Литмир - Электронная Библиотека
A
A

 «Или плохо было при Советской власти за сто рублей – двадцать пять долларов по чёрному курсу или сто шестьдесят четыре доллара по официальному (141) – целый месяц отдыхать на любом курорте Советского Союза при трёхразовом питании плюс дорога плацкартой туда и обратно! – не унимался Жорка, наскоро освежившись недоброкачественной водкой. – Повторяю: на любом, начиная с Прибалтики и кончая Памиром. А сейчас? Сейчас тебя в Прибалтику без загранпаспорта и визы не пустят, а сто шестьдесят четыре доллара посоветуют засунуть себе в задницу, потому что столько теперь стоит одна только виза в эту сраную Прибалтику, которую Россия в своё время у шведов с большими потерями отвоевала. Вот на Памир нынче можно без загранпаспорта, но опять же: ста шестидесяти четырёх долларов даже на полконца до Памира не хватит, да и нормальные дороги туда нынче не функционируют, к тому же весь бывший Советский Памир и вся остальная Советская Средняя Азия является одной зоной временных локальных конфликтов. В общем, не до здравниц им теперь там, курортов и санаториев. Так же, как Кавказу, Закавказью и Молдавии, потому что на Кавказе Дудаев, в Закавказье Карабах с Южной Осетией, а в Молдавии – не то малочисленные гагаузы, не то целое Приднестровье…»

 «А ещё мне, кроме фабрики, нужна молочная ферма! – совсем уже разошёлся военный, также освежившись водкой. – Потому что на кой мне одна фабрика, если нету фермы? И эти, в серых халатах. Марш-марш на утреннюю дойку, и чтобы руки за спиной! Но Приходьку я завфермой не поставлю! Нет, брат, шалишь! Он, конечно, тоже бывший комдив, но я помню, кто меня в 87 заложил зампобою, что я продал три дальномера и ящик фейерверков…»

 «Приходько – это, очевидно, однополчанин Григорьевича, - от нечего делать стал переводить Сакуров, - комдив – это командир дивизиона, зампобой – заместитель комбрига по боевой подготовке, дальномер – это оптический прибор для определения стрелковых дистанций, фейерверки – это имитационные снаряды для демонстрационных стрельб. Одно непонятно: кому на хрен понадобилось покупать у военного эти примитивные даже для 87 года громоздкие приборы и ящик взрывоопасного фуфла?»

 «В общем, пришлось мне у грузина пожить неделю, - продолжал Семёныч, - потому что вина у него навалом, закуски – тоже, а тормоза со сцеплением такая канитель, что за один день не справишься…»
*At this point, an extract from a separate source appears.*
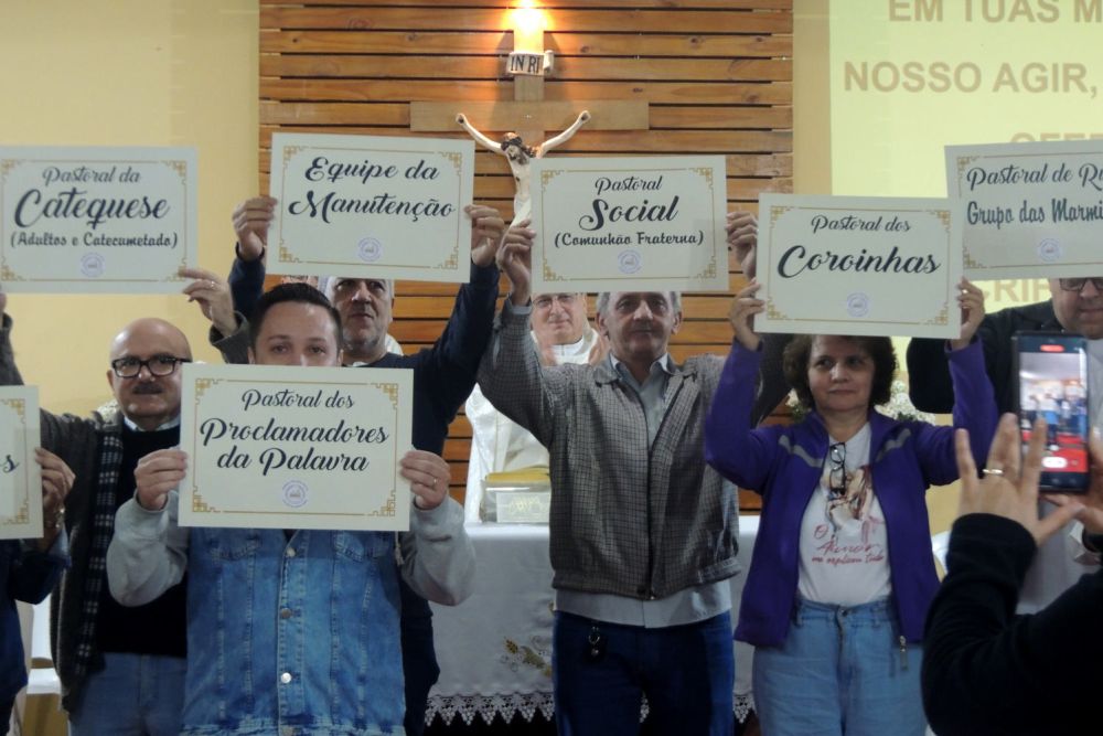 Junto com a procissão das oferendas, foram apresentadas no altar do Senhor todas as 23 pastorais e movimentos que compõem as atividades da Paróquia São João Paulo II, exercendo seu papel missionário desde a iniciação cristã, passando pela atenção aos jovens e pelo cuidado com os enfermos e famílias que mais precisam de assistência material e espiritual.

 «Да раньше все люди были братья! – почти рыдал Жорка. – Н у, те, что жили внутри Союза, потому что какие там наши братья в США или Юнайтед Кингдом (142)? И все наши внутренние братья могли жить, где хотели. Таджики – в Мелитополе, белорусы – в Бишкеке, узбеки – в Моршанске, русские – в Биробиджане и Армавире, а евреи с армянами – в Москве и Ленинграде. И все говорили по-русски. И везде, по всему Советскому Союзу, кроме Грузии с Арменией, всё делопроизводство велось на русском языке. Потому что во всех республиках, за исключением разве что Армении, жили славяне. Где теперь, я спрашиваю, эти славяне? Теперь они все бедные беженцы! Живут Христа ради в бывших колхозах, в летних бараках, где раньше студенты во время летнего трудового семестра жили, а нынешние хозяева сельских акционерных обществ, такие же, между прочим, славяне, над ними измываются…»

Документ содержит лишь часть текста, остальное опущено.